There are 18 floors in a building. Each floor has the same number of offices. Altogether there are 396

To find the number of offices on each floor (denoted as \( f \)), we can set up the equation based on the information given.

We know there are 18 floors and a total of 396 offices in the building. Therefore, we can express this relationship as:

\[ 18 \times f = 396 \]

To solve for \( f \), we can divide both sides of the equation by 18:

\[ f = \frac{396}{18} \]

Now, performing the division:

\[ f = 22 \]

So, the number of offices on each floor is \( f = 22 \).

how does it equal 22?

To see how \( f = 22 \) is calculated, let's break it down step-by-step:

1. We start with the equation we set up: \[ 18 \times f = 396 \]

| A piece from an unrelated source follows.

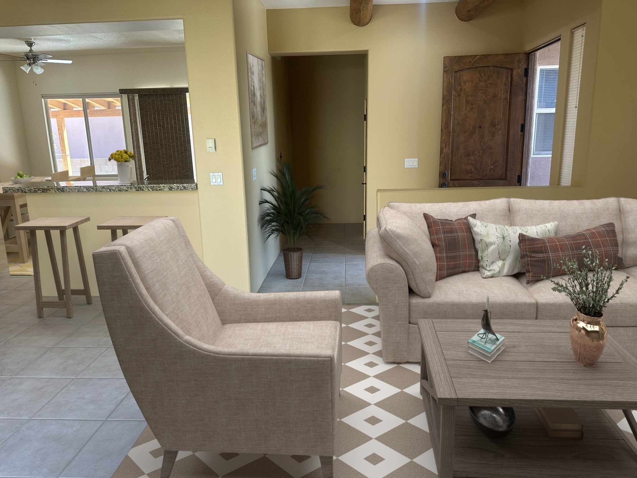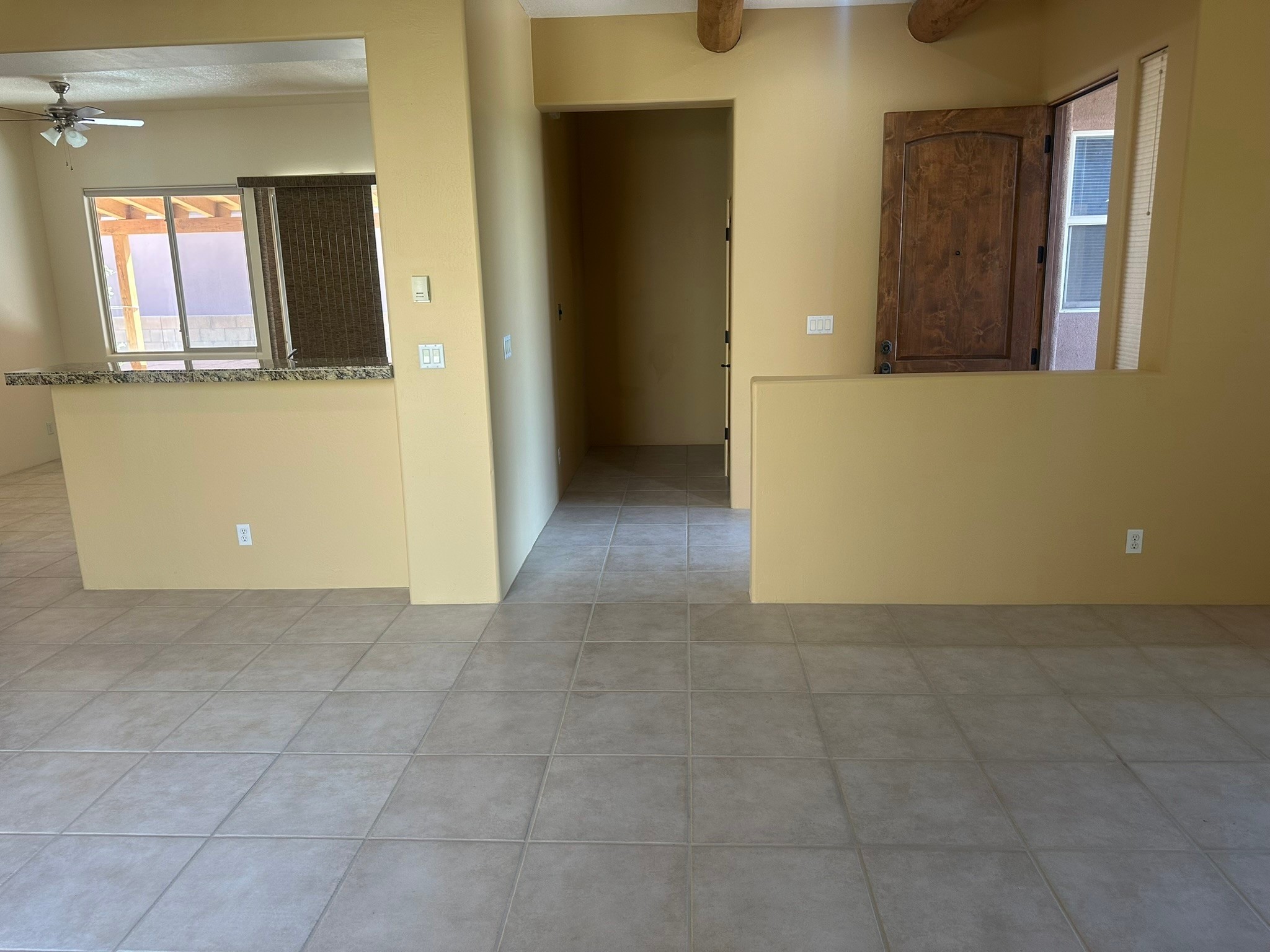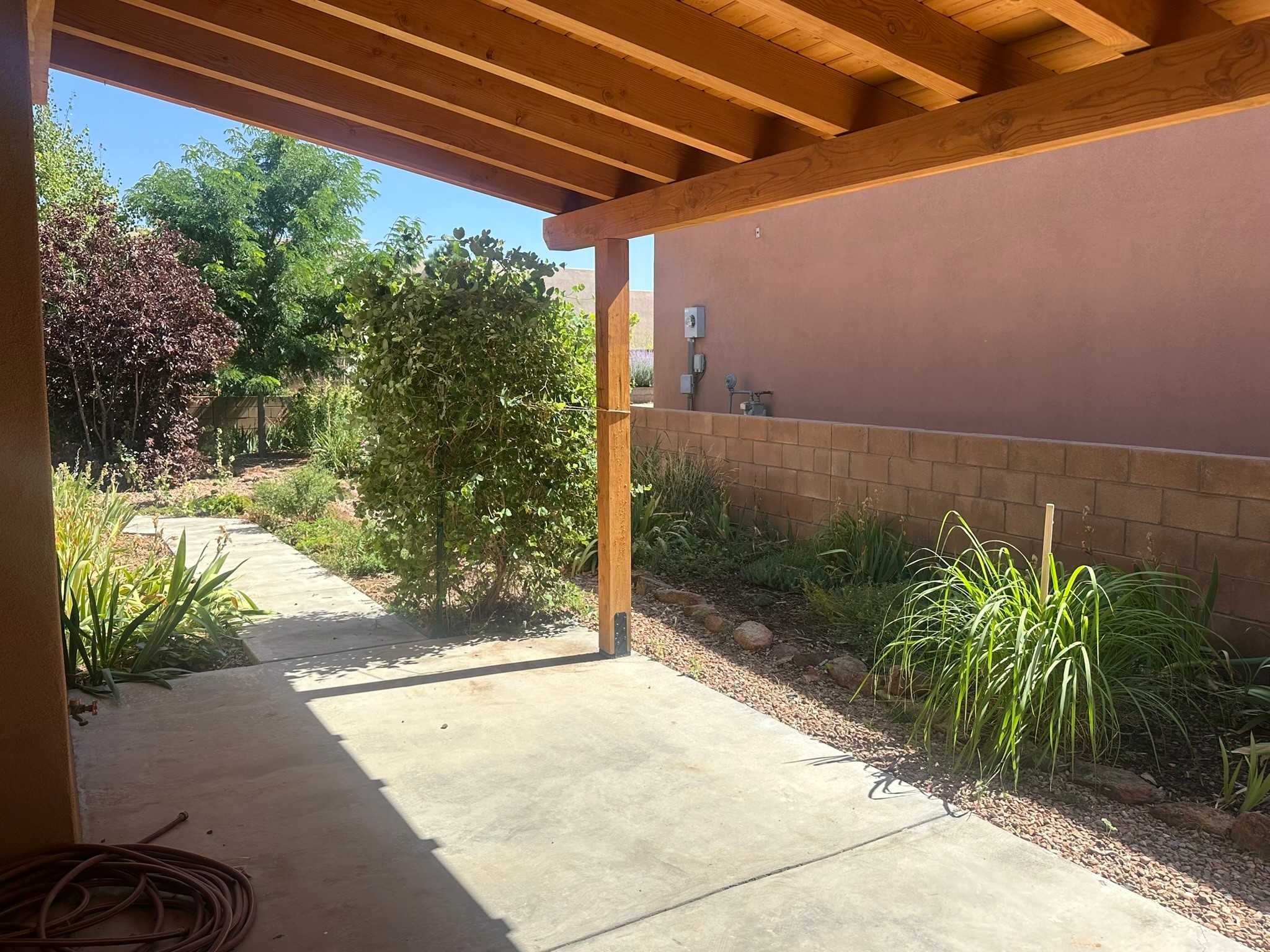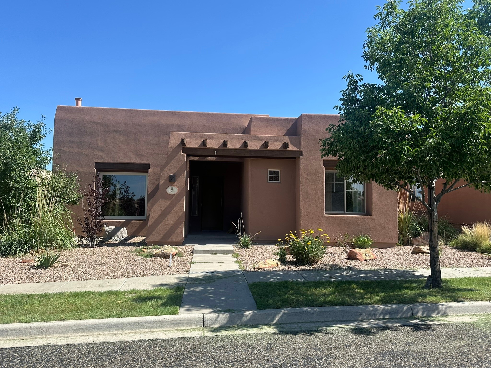 This beautifully designed Aspen floor plan offers effortless, single-level living--no steps, just seamless sophistication from room to room. Step inside to a sun-drenched, freshly painted living area adorned with a stunning new picture window and accented by warm wood ceiling beams. A gas fireplace serves as the elegant focal point, creating an inviting atmosphere for cozy evenings or stylish entertaining. The open-concept kitchen features granite countertops, ample pantry space, and a natural flow into the dining and living areas--perfect for everyday indulgence or hosting guests. With three generously sized bedrooms and two full baths, the intelligent split floor plan provides both privacy and comfort. The spacious primary suite offers direct access to a private, covered back patio, a large walk-in closet, and an en suite bath--making it a true retreat.Additional highlights include, a brand-new TPO roof (2025), some newly installed energy-efficient windows, radiant heat and a swamp cooler for year-round comfort, tall two-car garage for added storage and convenience, a well-maintained, landscaped yard with a flourishing blackberry bush--ideal for green thumbs, private back porch with a beautiful cover, perfect for outdoor relaxation, and a generous linen closet for practical storage solutions. Set against a backdrop of open space with direct access to serene trails, this home effortlessly blends everyday comfort with the natural beauty of its surroundings. Discover where thoughtful design, modern upgrades, and nature come together--your next chapter begins here.
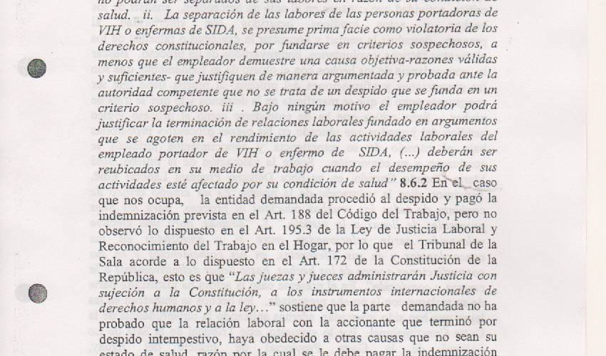 En primera instancia, el reclamo planteado por los derechos conculcados fue negado, sin embargo, la Sala Laboral de la Corte Provincial de Justicia del Azuay, en su fallo emitido en fecha 04 de Abril de 2017, acepta el recurso de apelación planteado por la parte actora y por ende establece la responsabilidad de Banco de Guayaquil S.A. respecto de este despido por discriminación, cumpliendo de manera expresa con aquel postulado consagrado en el primer artículo de nuestra Constitución: "El Ecuador es un Estado constitucional de derechos y justicia..."

2. To find \( f \), we rearrange the equation by dividing both sides by 18: \[ f = \frac{396}{18} \]

3. Now we need to perform the division \( 396 \div 18 \).

4. To simplify \( 396 \div 18 \):

   • First, we can simplify this by finding the greatest common divisor, but we can also do it directly.
   • If you calculate 396 divided by 18, you can do the division directly:
     • 18 goes into 39 two times (because \( 18 \times 2 = 36 \)), leaving a remainder of 3 (so we bring down the next digit to make it 36).
     • 18 goes into 36 exactly 2 times (because \( 18 \times 2 = 36 \)).

   So: \[ 396 \div 18 = 22 \]

This confirms that \( f = 22 \).

Thus, there are 22 offices on each floor.